Let the tomatoes simmer for 5 minutes, allowing the flavors to meld. Then add the beans with all of their cooking liquid to the pot. Mix and bring to a boil. Add salt to taste--start with 1/2 teaspoon, and let gently simmer, covered, until you are ready to serve (it can cook this way for an hour 2, at most the beans will just get super soft and you may need to add a splash of water or 2 to keep the dish stew-like).
Mix in the brown sugar, amchur powder, garam masala and lemon juice. Taste for additional salt, lemon juice or garam masala. Serve with flatbread or over rice, garnished with cilantro and plain Greek yogurt.
As always, affiliate links were used in this post, only to link to products I would be linking to anyway.

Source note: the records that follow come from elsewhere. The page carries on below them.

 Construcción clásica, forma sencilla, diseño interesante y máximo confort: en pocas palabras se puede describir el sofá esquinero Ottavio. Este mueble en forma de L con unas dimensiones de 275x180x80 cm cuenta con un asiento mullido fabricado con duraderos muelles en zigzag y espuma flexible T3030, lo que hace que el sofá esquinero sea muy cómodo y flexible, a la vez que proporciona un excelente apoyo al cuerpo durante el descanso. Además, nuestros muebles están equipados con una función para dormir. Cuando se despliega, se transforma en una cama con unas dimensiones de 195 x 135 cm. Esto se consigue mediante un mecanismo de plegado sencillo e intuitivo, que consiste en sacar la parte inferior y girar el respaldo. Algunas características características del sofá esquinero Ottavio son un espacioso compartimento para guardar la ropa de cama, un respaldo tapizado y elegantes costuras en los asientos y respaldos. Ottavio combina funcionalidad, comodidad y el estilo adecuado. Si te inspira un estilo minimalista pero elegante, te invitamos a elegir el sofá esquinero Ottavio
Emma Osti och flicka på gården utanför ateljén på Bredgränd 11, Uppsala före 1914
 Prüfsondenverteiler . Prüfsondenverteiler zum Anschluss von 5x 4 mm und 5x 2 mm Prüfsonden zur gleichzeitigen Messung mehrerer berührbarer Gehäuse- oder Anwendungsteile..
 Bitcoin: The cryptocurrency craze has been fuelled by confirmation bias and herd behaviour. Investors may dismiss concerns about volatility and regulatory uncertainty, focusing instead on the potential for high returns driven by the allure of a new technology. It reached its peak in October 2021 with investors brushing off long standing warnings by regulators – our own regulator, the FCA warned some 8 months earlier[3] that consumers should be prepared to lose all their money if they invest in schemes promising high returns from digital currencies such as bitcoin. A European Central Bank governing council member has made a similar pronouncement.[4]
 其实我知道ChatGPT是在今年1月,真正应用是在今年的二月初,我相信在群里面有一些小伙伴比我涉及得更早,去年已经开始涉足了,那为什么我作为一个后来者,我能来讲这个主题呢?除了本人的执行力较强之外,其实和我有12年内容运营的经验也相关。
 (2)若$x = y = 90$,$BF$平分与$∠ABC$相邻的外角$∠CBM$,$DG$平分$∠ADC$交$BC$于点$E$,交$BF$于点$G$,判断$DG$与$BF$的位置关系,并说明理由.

Eating Local in the Lou says
Oh my goodness Laura- you and I were craving similar things today! If you get a chance, please check out my latest post…also Indian spices used with kidney beans and turnips. 🙂
I guess I never really thought about the irony, but I crave curries in winter too! This one looks yummy.
Kiri W. says
This sounds amazing – I adore the bold flavors, and how interesting to see kidney beans in such an application! Great recipe, thank you for sharing.
Baker Street says
I love rajma! Its made at least once every fortnight at our house.